# [Assignment]
Reproduce the entries that follow exactly, dropping each image.

# [Data provided]

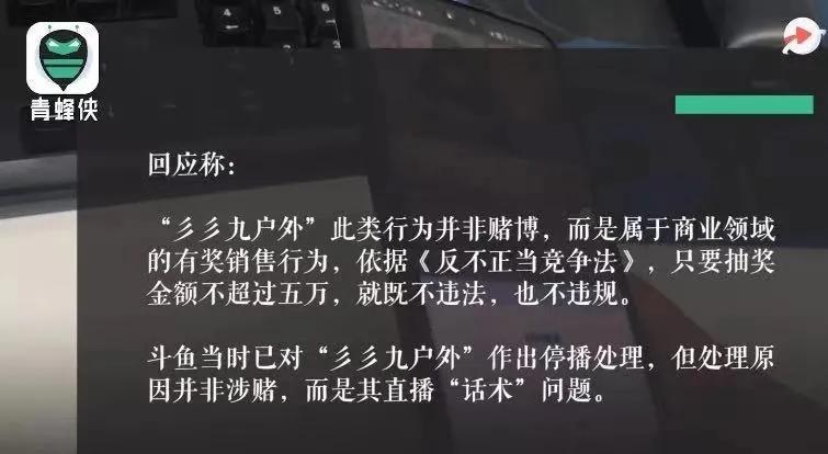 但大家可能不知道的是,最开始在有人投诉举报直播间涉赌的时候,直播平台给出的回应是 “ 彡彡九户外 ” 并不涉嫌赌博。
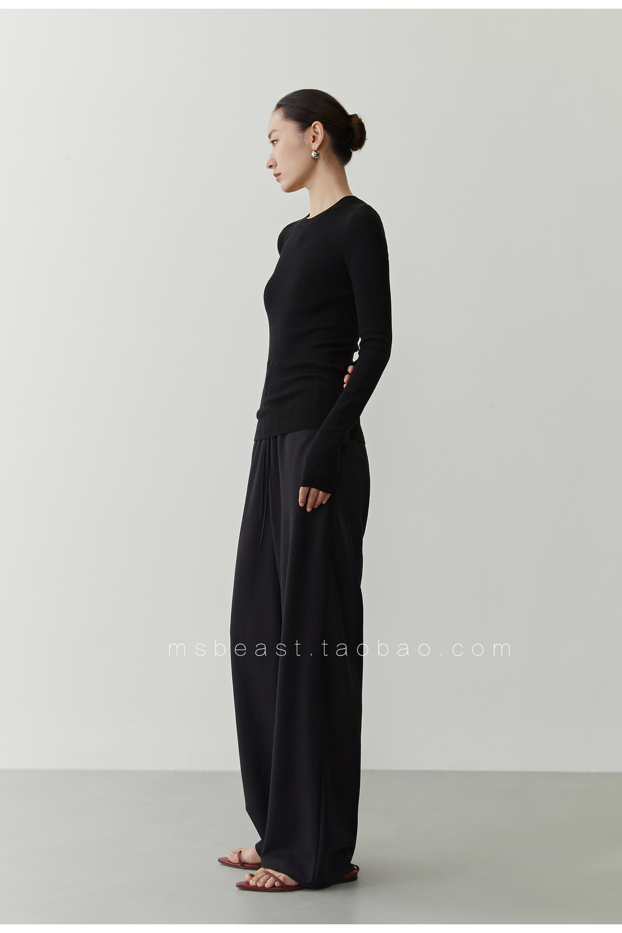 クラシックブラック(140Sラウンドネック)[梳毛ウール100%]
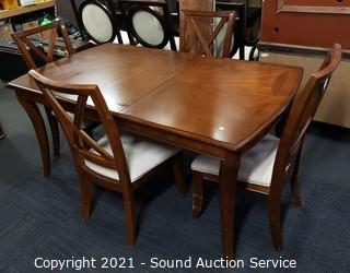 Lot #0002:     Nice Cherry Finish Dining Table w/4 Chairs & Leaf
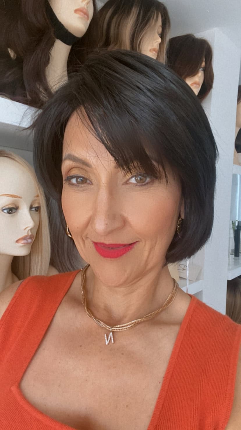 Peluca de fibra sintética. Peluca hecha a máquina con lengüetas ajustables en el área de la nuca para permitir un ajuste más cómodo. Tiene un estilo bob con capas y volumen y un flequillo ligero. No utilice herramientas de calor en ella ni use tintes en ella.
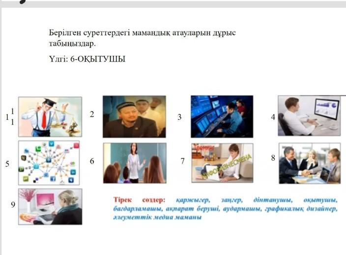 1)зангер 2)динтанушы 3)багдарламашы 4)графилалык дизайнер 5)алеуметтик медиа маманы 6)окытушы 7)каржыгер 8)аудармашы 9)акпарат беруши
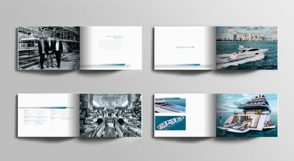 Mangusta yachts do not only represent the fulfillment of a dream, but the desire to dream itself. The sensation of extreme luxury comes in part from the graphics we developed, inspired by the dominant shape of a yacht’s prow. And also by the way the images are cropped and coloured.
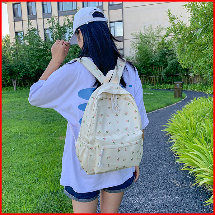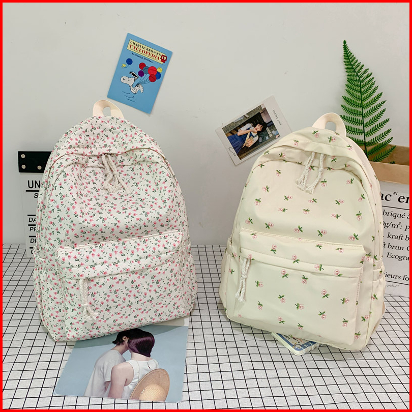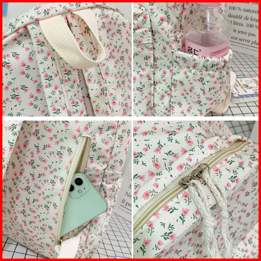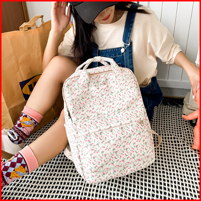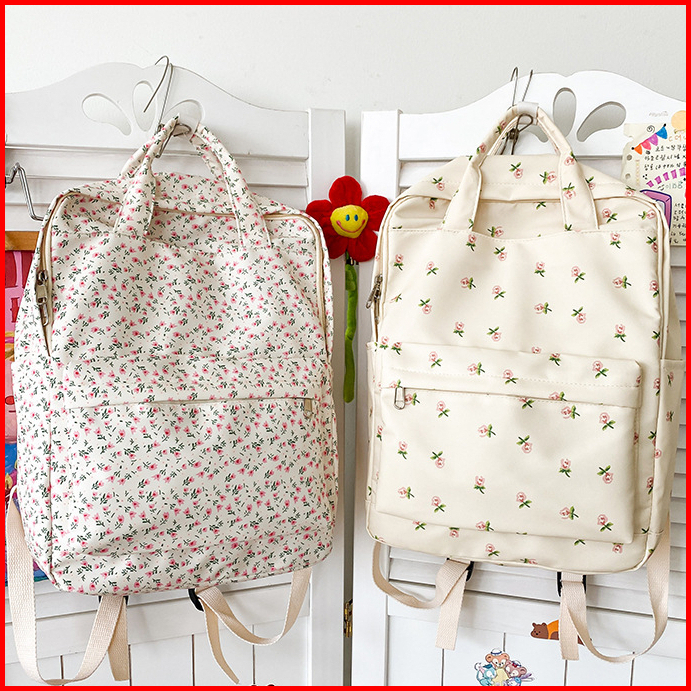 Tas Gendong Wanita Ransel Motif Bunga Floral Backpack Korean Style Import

# [Answer section]
 但大家可能不知道的是,最开始在有人投诉举报直播间涉赌的时候,直播平台给出的回应是 “ 彡彡九户外 ” 并不涉嫌赌博。
 クラシックブラック(140Sラウンドネック)[梳毛ウール100%]
 Lot #0002:     Nice Cherry Finish Dining Table w/4 Chairs & Leaf
 Peluca de fibra sintética. Peluca hecha a máquina con lengüetas ajustables en el área de la nuca para permitir un ajuste más cómodo. Tiene un estilo bob con capas y volumen y un flequillo ligero. No utilice herramientas de calor en ella ni use tintes en ella.
 1)зангер 2)динтанушы 3)багдарламашы 4)графилалык дизайнер 5)алеуметтик медиа маманы 6)окытушы 7)каржыгер 8)аудармашы 9)акпарат беруши
 Mangusta yachts do not only represent the fulfillment of a dream, but the desire to dream itself. The sensation of extreme luxury comes in part from the graphics we developed, inspired by the dominant shape of a yacht’s prow. And also by the way the images are cropped and coloured.
 Tas Gendong Wanita Ransel Motif Bunga Floral Backpack Korean Style Import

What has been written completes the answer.